Review ·

When you're on a first-name basis with the international hipster scene, it doesn't seem to matter what you're up to artistically, because people will buy it. In the case of Keren Ann, the Parisian songstress who graced lower Manhattan with her presence for her fourth solo effort (Nolita, released in December 2004), a side project can be little more than a fun romp in the studio with an equally beautiful friend. In the case of Lady and Bird, released in February, that friend is Bardi Johannsson, the sensitive male voice of Iceland's rock group Bang Gang.


Together, Keren Ann and Bardi are Lady and Bird, and they have assembled on their eponymous debut what might be called a concept album -- about two children inhabiting the bodies of grown-ups" -- if it were pieced together more tightly. Still, Bardi's sweet tenor blends well with the husky sound of Keren Ann's café-society vocals, and when they dispense with harmonizing and sing in unison, it's difficult to tell them apart. Their finest moments are the two covers. "Stephanie Says," doesn't stray far from Lou Reed's original, and so retains its depth. The second is a surprising rendition of "Suicide Is Painless," the theme from the movie M*A*S*H*.

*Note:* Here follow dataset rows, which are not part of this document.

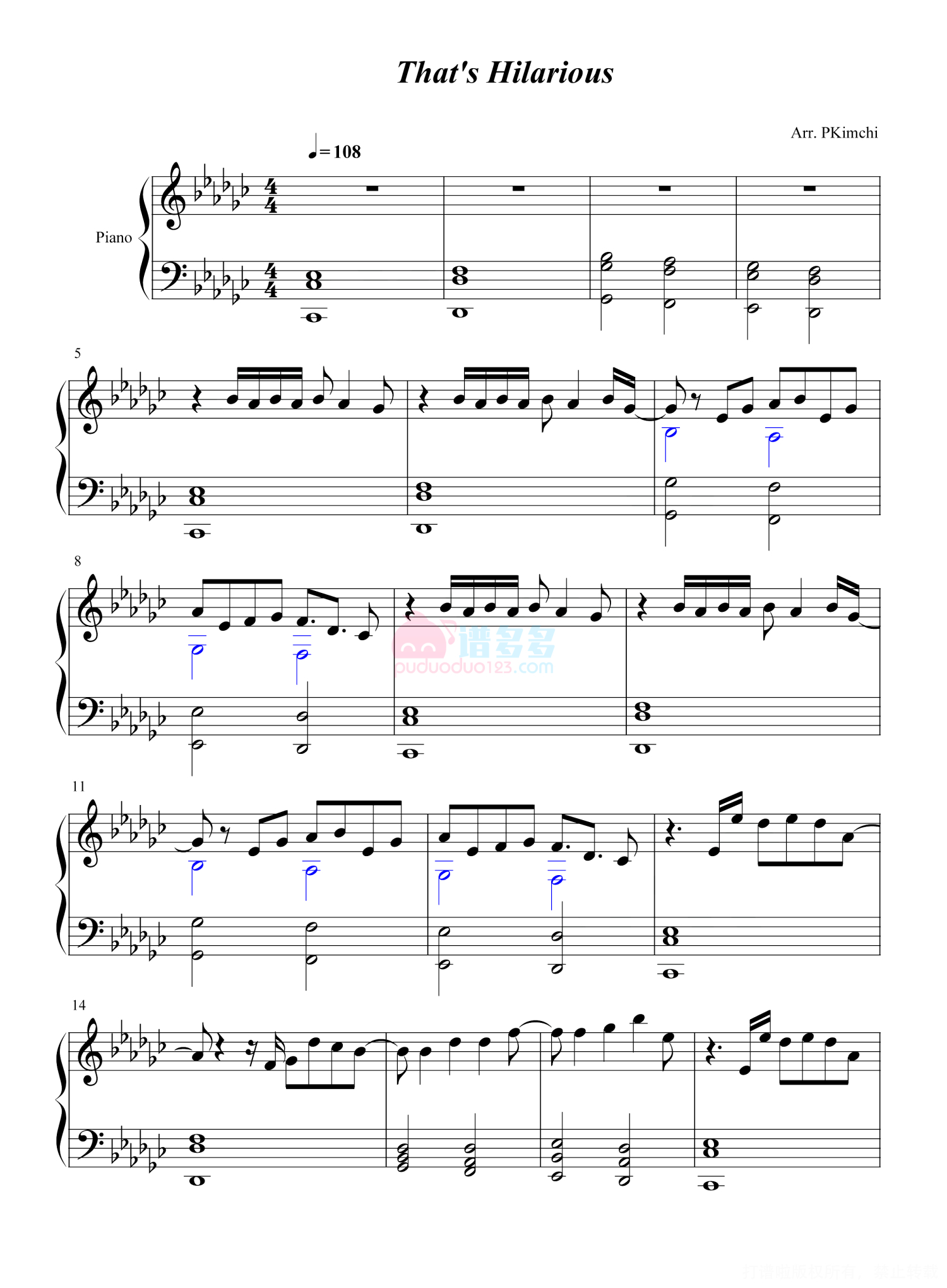 当前位置:琴谱网>钢琴谱>Thats Hilarious
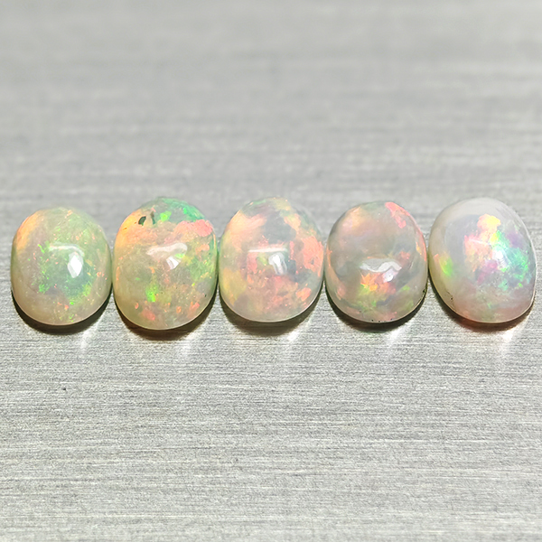 Natural Multi Color Opal 1.78 Ct. 5 Pcs Oval Cabochon Shape 6.1 x 4.1 Mm Gems
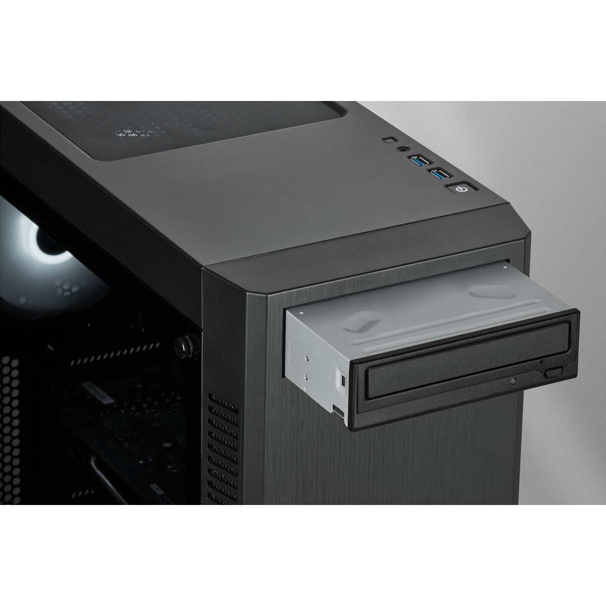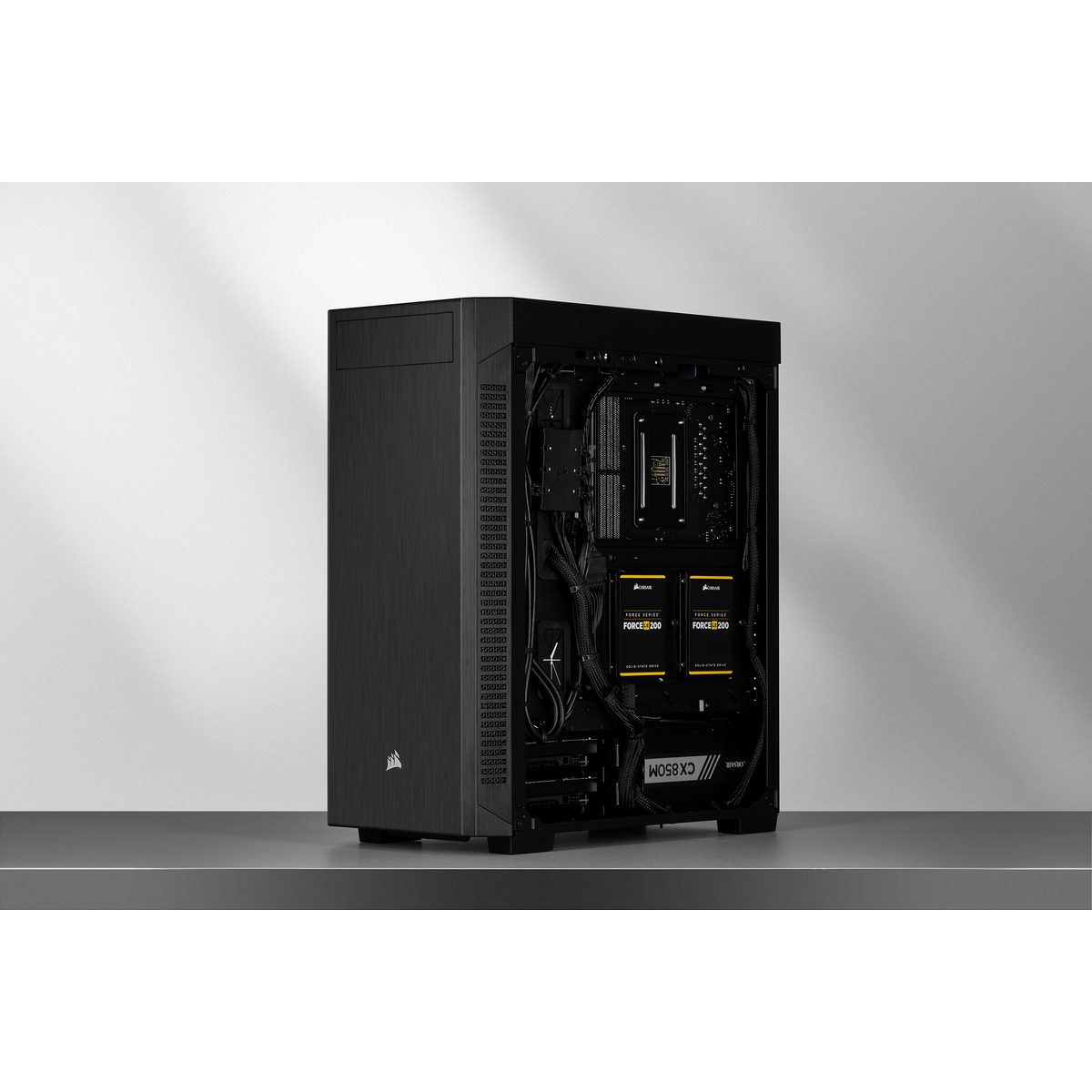 The CORSAIR 110R is a minimalist mid-tower ATX case with a 4mm-thick tempered glass side panel and storage support for up to four drives, plus a 5.25in ODD drive bay.
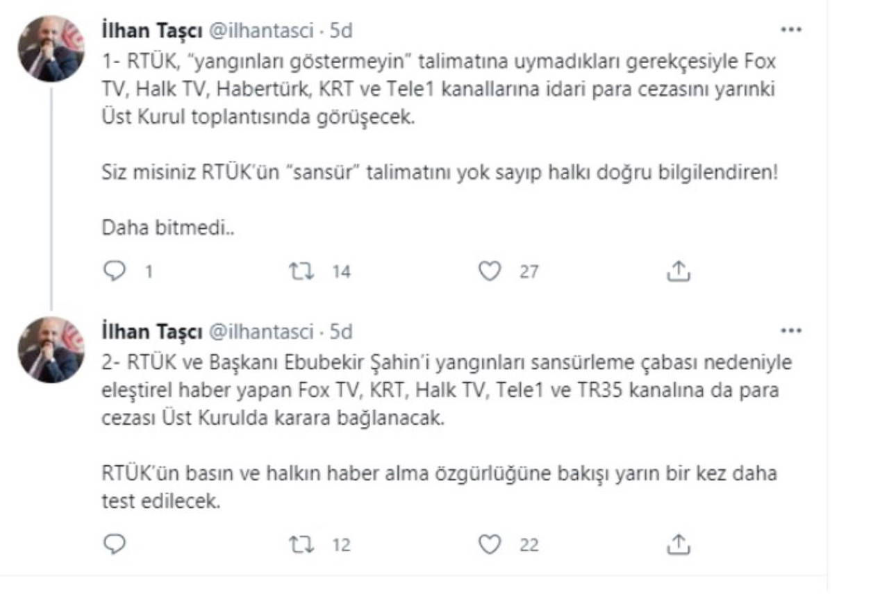 RTÜK ve Başkanı Ebubekir Şahin’i yangınları sansürleme çabası nedeniyle eleştirel haber yapan Fox TV, KRT, Halk TV, Tele1 ve TR35 kanalına da para cezası Üst Kurulda karara bağlanacak. RTÜK’ün basın ve halkın haber alma özgürlüğüne bakışı yarın bir kez daha test edilecek.

On the thirty-eight-minute Lady and Bird, Keren Ann and Bardi have presented a series of simple songs strung together by a few interludes that abuse the effects of pitch shifting and reverb to create youthful voices. The result? Ten tracks that feel like postcards from the fun places these two musicians visited while leaving their audience behind. They've scribbled a few short lines to describe their briefest thoughts and rely on spare musical imagery to tell the rest. But all the notes say the same thing. A bit too much experimentation with instrumentation and not enough variation in melody creates the effect of one long song.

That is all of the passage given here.